** Required action **
Output the records exactly as they appear, with no pictures included.

◇ ◇ ◇ ◇ ◇ ◇ ◇

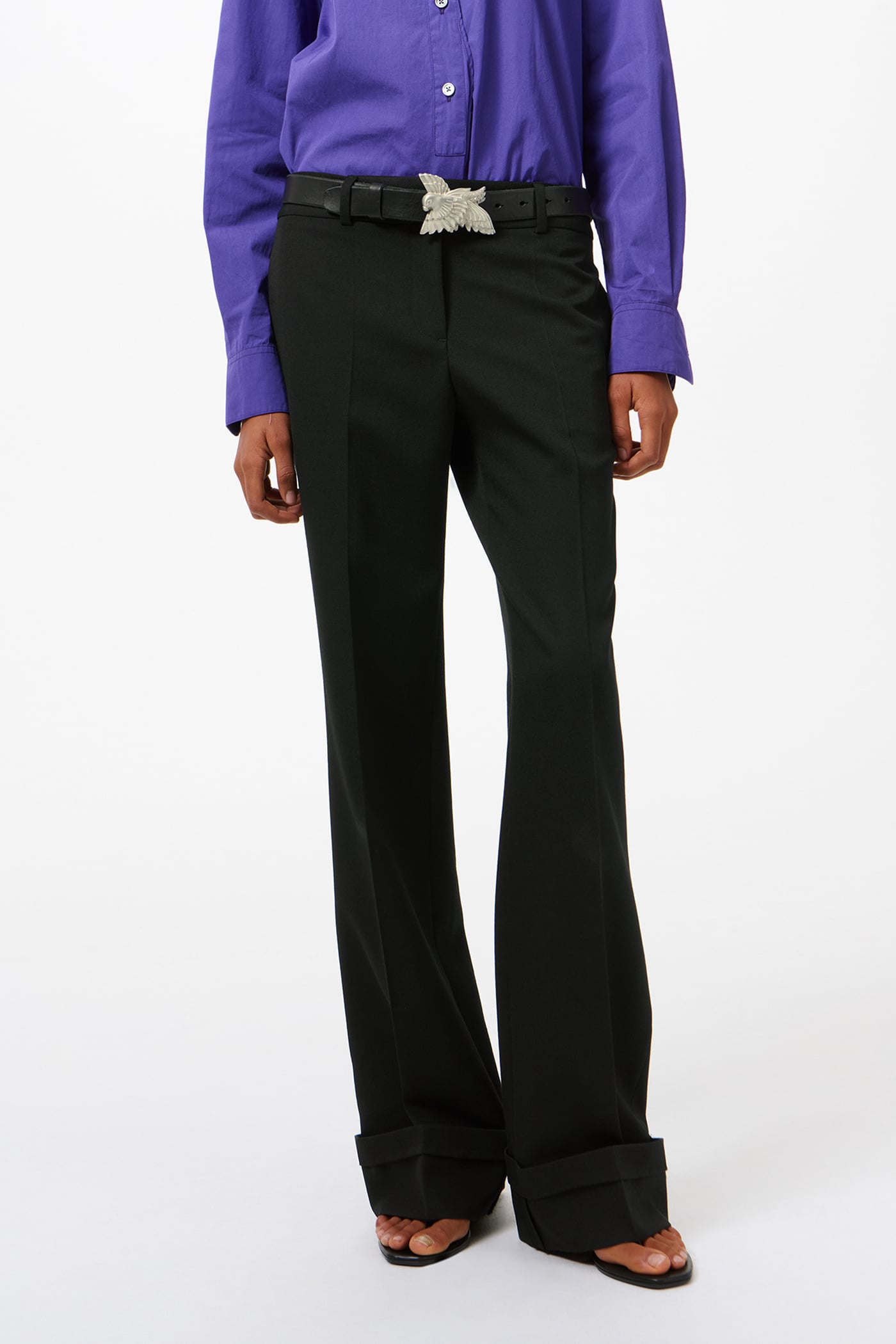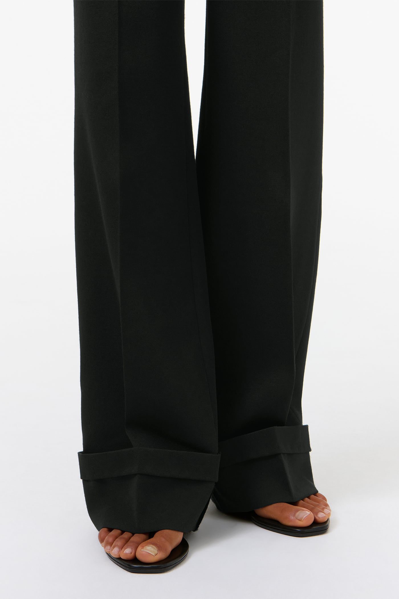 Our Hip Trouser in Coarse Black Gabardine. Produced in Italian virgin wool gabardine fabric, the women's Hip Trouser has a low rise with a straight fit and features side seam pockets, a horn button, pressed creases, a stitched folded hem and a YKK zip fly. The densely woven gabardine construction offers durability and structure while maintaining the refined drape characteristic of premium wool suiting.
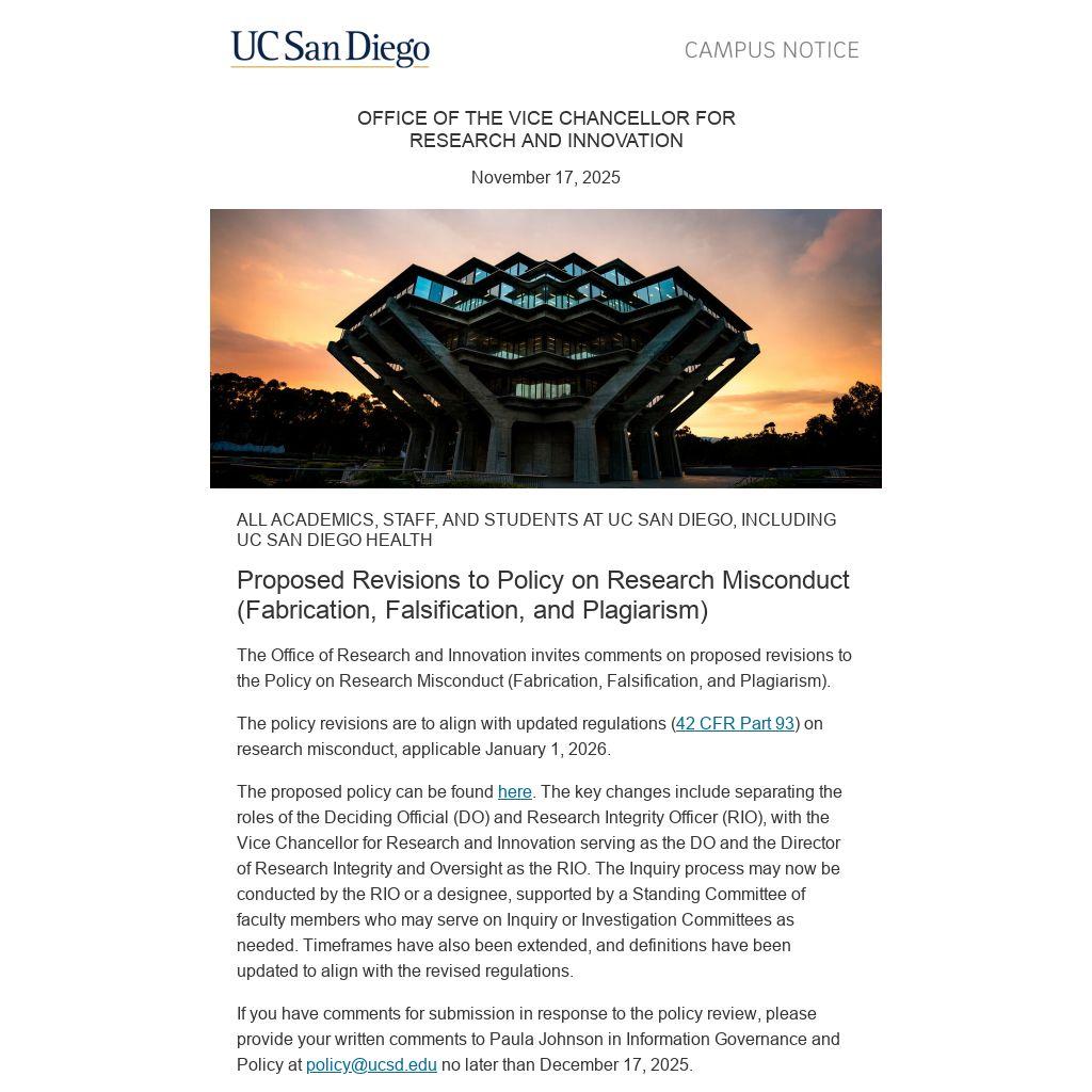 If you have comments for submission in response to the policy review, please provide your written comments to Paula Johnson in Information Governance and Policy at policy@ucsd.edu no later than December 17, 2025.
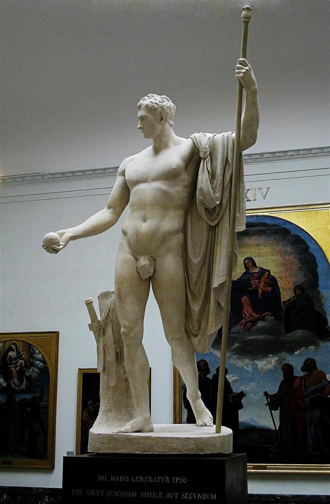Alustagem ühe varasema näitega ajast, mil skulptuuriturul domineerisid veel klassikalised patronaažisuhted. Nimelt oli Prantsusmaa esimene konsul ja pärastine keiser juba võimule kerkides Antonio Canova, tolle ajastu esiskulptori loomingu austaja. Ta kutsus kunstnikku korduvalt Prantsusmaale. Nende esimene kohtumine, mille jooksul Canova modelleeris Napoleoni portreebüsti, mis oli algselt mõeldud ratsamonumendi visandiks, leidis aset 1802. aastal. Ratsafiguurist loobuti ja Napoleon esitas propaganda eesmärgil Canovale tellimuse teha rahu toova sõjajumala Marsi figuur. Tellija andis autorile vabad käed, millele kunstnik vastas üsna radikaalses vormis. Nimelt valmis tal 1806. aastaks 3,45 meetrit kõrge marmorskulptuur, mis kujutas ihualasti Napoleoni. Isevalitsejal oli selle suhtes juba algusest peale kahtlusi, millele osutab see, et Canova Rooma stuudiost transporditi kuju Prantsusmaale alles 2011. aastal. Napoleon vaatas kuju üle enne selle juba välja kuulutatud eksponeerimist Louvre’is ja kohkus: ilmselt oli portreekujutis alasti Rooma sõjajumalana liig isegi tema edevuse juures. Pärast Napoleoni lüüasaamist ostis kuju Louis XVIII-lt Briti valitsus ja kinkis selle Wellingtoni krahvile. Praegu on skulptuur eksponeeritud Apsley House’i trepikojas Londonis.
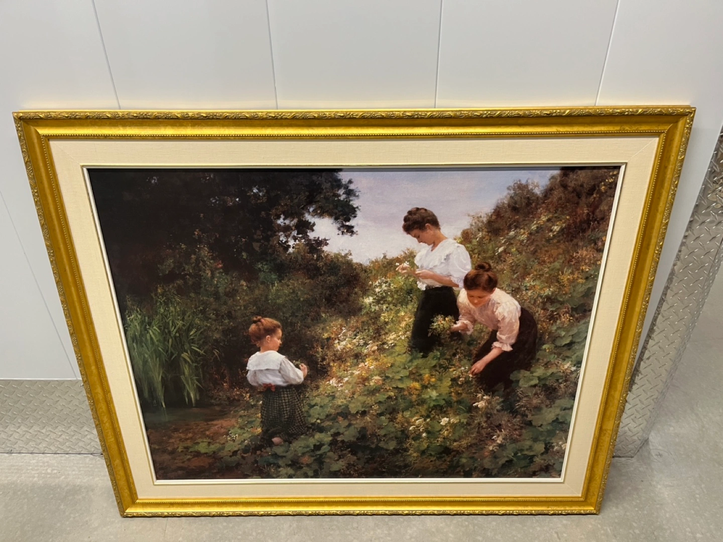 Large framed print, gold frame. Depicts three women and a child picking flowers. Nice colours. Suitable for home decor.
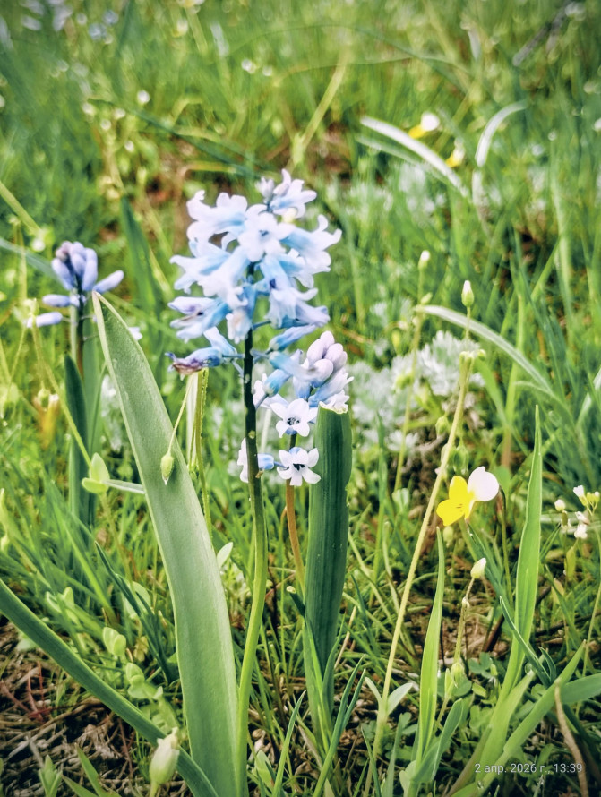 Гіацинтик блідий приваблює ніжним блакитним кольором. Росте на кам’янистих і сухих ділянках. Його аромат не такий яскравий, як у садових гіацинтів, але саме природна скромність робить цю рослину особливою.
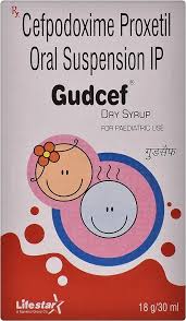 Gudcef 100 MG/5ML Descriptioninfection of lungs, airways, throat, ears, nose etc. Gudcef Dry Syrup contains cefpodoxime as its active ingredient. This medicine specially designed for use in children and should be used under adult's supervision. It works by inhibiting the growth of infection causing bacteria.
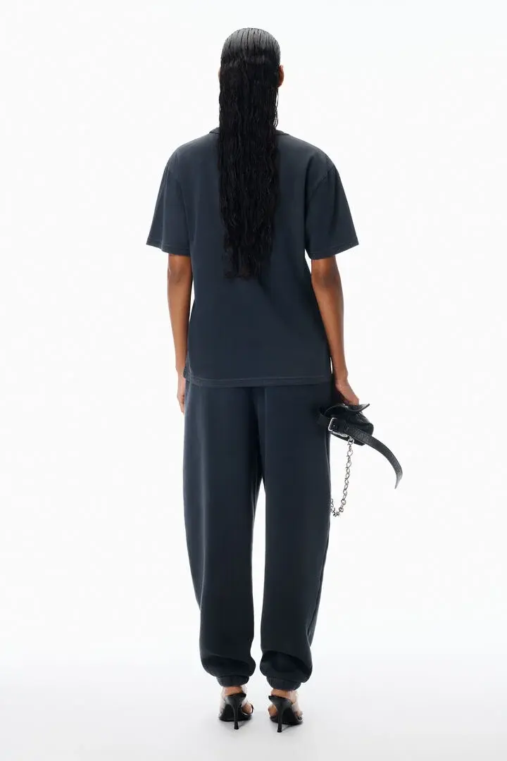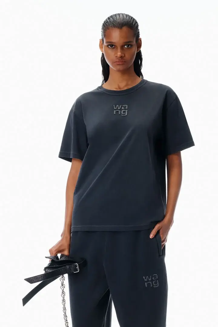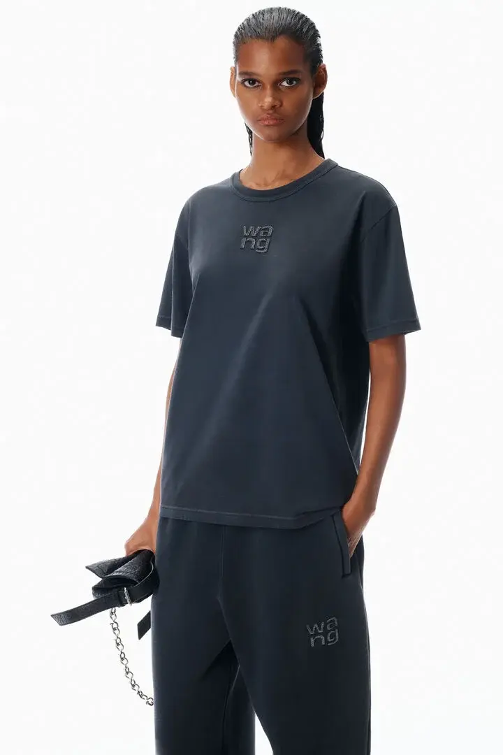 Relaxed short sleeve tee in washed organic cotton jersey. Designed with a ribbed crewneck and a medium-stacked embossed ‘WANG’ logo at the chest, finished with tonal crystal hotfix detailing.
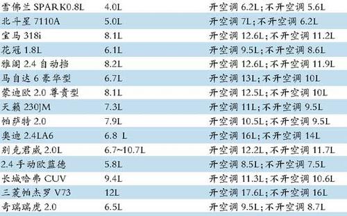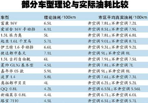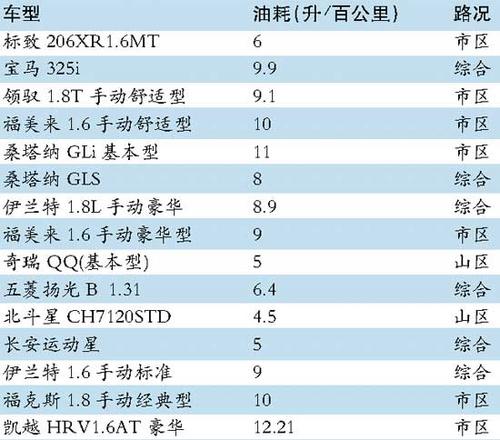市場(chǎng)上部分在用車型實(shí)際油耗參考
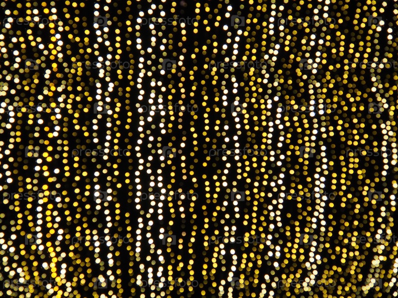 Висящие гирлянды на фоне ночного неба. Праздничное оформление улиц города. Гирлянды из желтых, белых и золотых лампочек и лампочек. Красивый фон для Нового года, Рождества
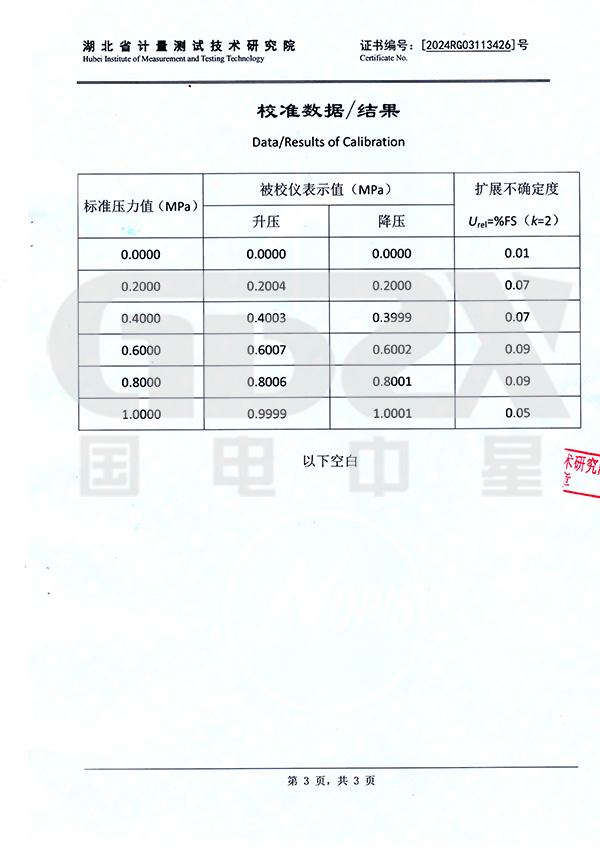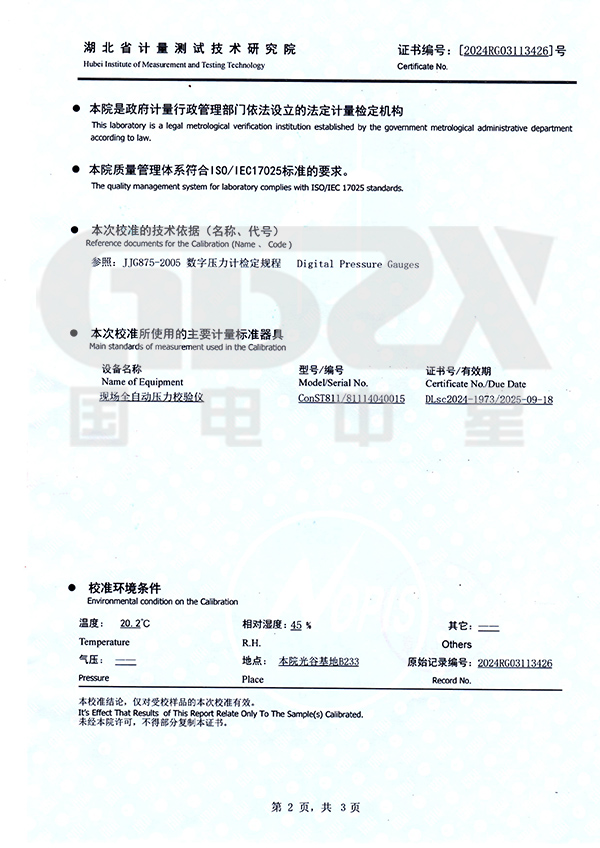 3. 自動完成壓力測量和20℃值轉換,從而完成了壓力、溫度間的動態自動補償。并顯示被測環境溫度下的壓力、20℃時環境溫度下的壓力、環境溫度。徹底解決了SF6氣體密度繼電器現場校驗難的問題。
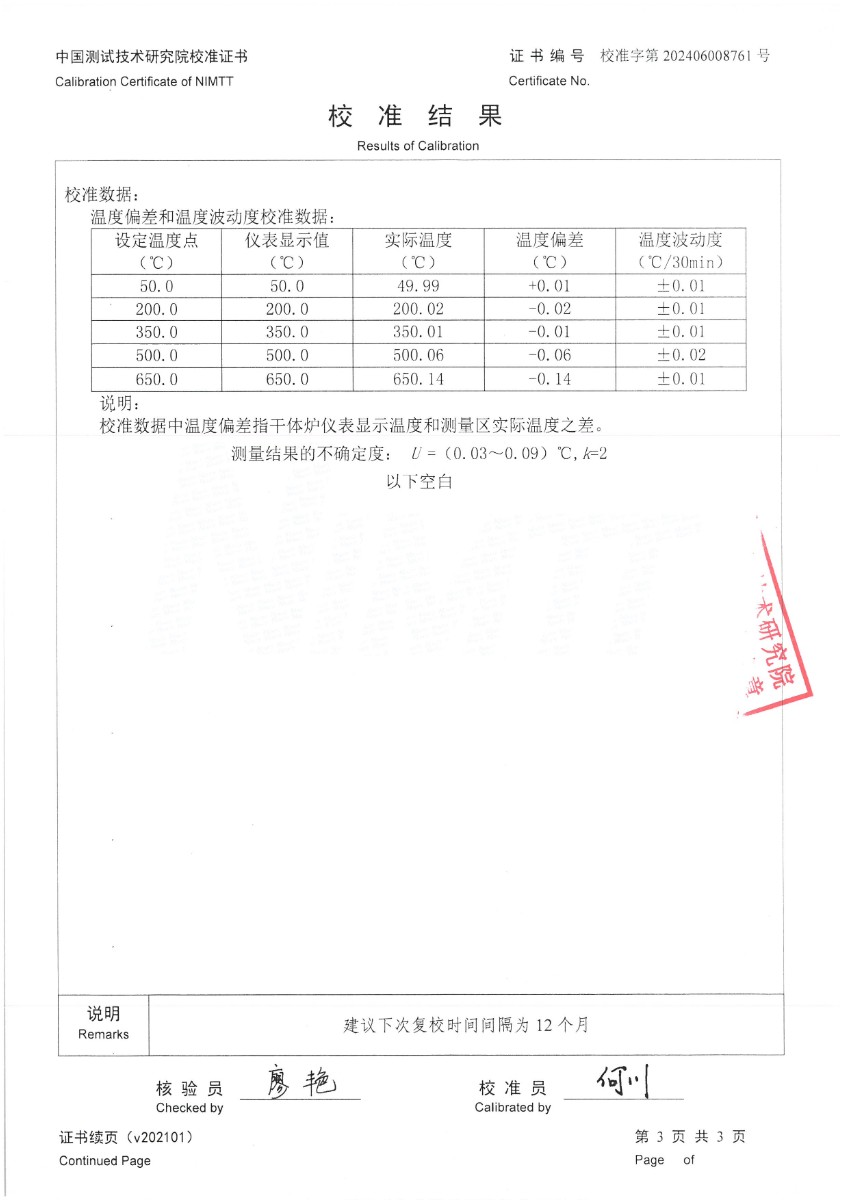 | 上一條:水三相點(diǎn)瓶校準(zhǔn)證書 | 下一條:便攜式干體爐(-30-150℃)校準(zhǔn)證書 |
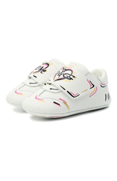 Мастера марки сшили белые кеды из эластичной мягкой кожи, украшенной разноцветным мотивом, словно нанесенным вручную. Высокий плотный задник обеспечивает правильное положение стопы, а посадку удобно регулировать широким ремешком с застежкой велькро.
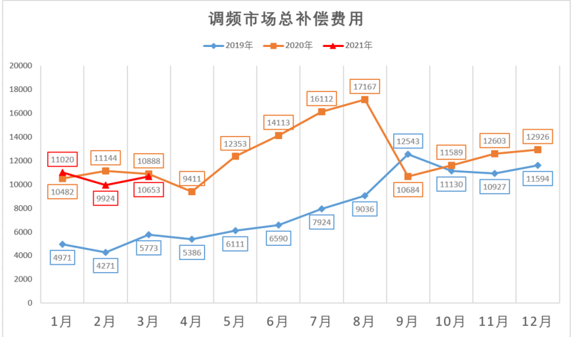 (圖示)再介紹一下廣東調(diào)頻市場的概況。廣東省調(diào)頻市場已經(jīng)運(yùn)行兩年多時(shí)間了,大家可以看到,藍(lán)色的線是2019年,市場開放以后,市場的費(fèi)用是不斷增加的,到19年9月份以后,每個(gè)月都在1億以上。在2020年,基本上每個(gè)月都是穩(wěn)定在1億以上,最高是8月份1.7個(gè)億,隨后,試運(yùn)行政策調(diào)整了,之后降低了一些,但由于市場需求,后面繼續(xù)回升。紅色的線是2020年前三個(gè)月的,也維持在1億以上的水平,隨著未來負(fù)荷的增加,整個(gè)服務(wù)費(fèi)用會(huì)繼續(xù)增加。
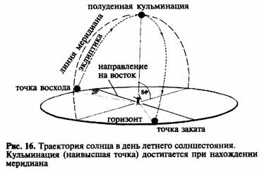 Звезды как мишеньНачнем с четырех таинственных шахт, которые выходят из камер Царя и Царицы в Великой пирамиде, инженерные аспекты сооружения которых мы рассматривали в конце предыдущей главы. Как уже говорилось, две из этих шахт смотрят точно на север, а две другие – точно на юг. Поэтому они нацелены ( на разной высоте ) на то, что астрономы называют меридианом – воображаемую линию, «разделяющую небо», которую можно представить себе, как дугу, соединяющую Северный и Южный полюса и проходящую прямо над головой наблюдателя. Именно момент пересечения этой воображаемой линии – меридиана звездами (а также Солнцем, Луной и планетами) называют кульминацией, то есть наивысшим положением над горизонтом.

◇ ◇ ◇ ◇ ◇ ◇ ◇

** Response area **
 Our Hip Trouser in Coarse Black Gabardine. Produced in Italian virgin wool gabardine fabric, the women's Hip Trouser has a low rise with a straight fit and features side seam pockets, a horn button, pressed creases, a stitched folded hem and a YKK zip fly. The densely woven gabardine construction offers durability and structure while maintaining the refined drape characteristic of premium wool suiting.
 If you have comments for submission in response to the policy review, please provide your written comments to Paula Johnson in Information Governance and Policy at policy@ucsd.edu no later than December 17, 2025.
Alustagem ühe varasema näitega ajast, mil skulptuuriturul domineerisid veel klassikalised patronaažisuhted. Nimelt oli Prantsusmaa esimene konsul ja pärastine keiser juba võimule kerkides Antonio Canova, tolle ajastu esiskulptori loomingu austaja. Ta kutsus kunstnikku korduvalt Prantsusmaale. Nende esimene kohtumine, mille jooksul Canova modelleeris Napoleoni portreebüsti, mis oli algselt mõeldud ratsamonumendi visandiks, leidis aset 1802. aastal. Ratsafiguurist loobuti ja Napoleon esitas propaganda eesmärgil Canovale tellimuse teha rahu toova sõjajumala Marsi figuur. Tellija andis autorile vabad käed, millele kunstnik vastas üsna radikaalses vormis. Nimelt valmis tal 1806. aastaks 3,45 meetrit kõrge marmorskulptuur, mis kujutas ihualasti Napoleoni. Isevalitsejal oli selle suhtes juba algusest peale kahtlusi, millele osutab see, et Canova Rooma stuudiost transporditi kuju Prantsusmaale alles 2011. aastal. Napoleon vaatas kuju üle enne selle juba välja kuulutatud eksponeerimist Louvre’is ja kohkus: ilmselt oli portreekujutis alasti Rooma sõjajumalana liig isegi tema edevuse juures. Pärast Napoleoni lüüasaamist ostis kuju Louis XVIII-lt Briti valitsus ja kinkis selle Wellingtoni krahvile. Praegu on skulptuur eksponeeritud Apsley House’i trepikojas Londonis.
 Large framed print, gold frame. Depicts three women and a child picking flowers. Nice colours. Suitable for home decor.
 Гіацинтик блідий приваблює ніжним блакитним кольором. Росте на кам’янистих і сухих ділянках. Його аромат не такий яскравий, як у садових гіацинтів, але саме природна скромність робить цю рослину особливою.
 Gudcef 100 MG/5ML Descriptioninfection of lungs, airways, throat, ears, nose etc. Gudcef Dry Syrup contains cefpodoxime as its active ingredient. This medicine specially designed for use in children and should be used under adult's supervision. It works by inhibiting the growth of infection causing bacteria.
 Relaxed short sleeve tee in washed organic cotton jersey. Designed with a ribbed crewneck and a medium-stacked embossed ‘WANG’ logo at the chest, finished with tonal crystal hotfix detailing.
市場(chǎng)上部分在用車型實(shí)際油耗參考
 Висящие гирлянды на фоне ночного неба. Праздничное оформление улиц города. Гирлянды из желтых, белых и золотых лампочек и лампочек. Красивый фон для Нового года, Рождества
 3. 自動完成壓力測量和20℃值轉換,從而完成了壓力、溫度間的動態自動補償。并顯示被測環境溫度下的壓力、20℃時環境溫度下的壓力、環境溫度。徹底解決了SF6氣體密度繼電器現場校驗難的問題。
 | 上一條:水三相點(diǎn)瓶校準(zhǔn)證書 | 下一條:便攜式干體爐(-30-150℃)校準(zhǔn)證書 |
 Мастера марки сшили белые кеды из эластичной мягкой кожи, украшенной разноцветным мотивом, словно нанесенным вручную. Высокий плотный задник обеспечивает правильное положение стопы, а посадку удобно регулировать широким ремешком с застежкой велькро.
 (圖示)再介紹一下廣東調(diào)頻市場的概況。廣東省調(diào)頻市場已經(jīng)運(yùn)行兩年多時(shí)間了,大家可以看到,藍(lán)色的線是2019年,市場開放以后,市場的費(fèi)用是不斷增加的,到19年9月份以后,每個(gè)月都在1億以上。在2020年,基本上每個(gè)月都是穩(wěn)定在1億以上,最高是8月份1.7個(gè)億,隨后,試運(yùn)行政策調(diào)整了,之后降低了一些,但由于市場需求,后面繼續(xù)回升。紅色的線是2020年前三個(gè)月的,也維持在1億以上的水平,隨著未來負(fù)荷的增加,整個(gè)服務(wù)費(fèi)用會(huì)繼續(xù)增加。
 Звезды как мишеньНачнем с четырех таинственных шахт, которые выходят из камер Царя и Царицы в Великой пирамиде, инженерные аспекты сооружения которых мы рассматривали в конце предыдущей главы. Как уже говорилось, две из этих шахт смотрят точно на север, а две другие – точно на юг. Поэтому они нацелены ( на разной высоте ) на то, что астрономы называют меридианом – воображаемую линию, «разделяющую небо», которую можно представить себе, как дугу, соединяющую Северный и Южный полюса и проходящую прямо над головой наблюдателя. Именно момент пересечения этой воображаемой линии – меридиана звездами (а также Солнцем, Луной и планетами) называют кульминацией, то есть наивысшим положением над горизонтом.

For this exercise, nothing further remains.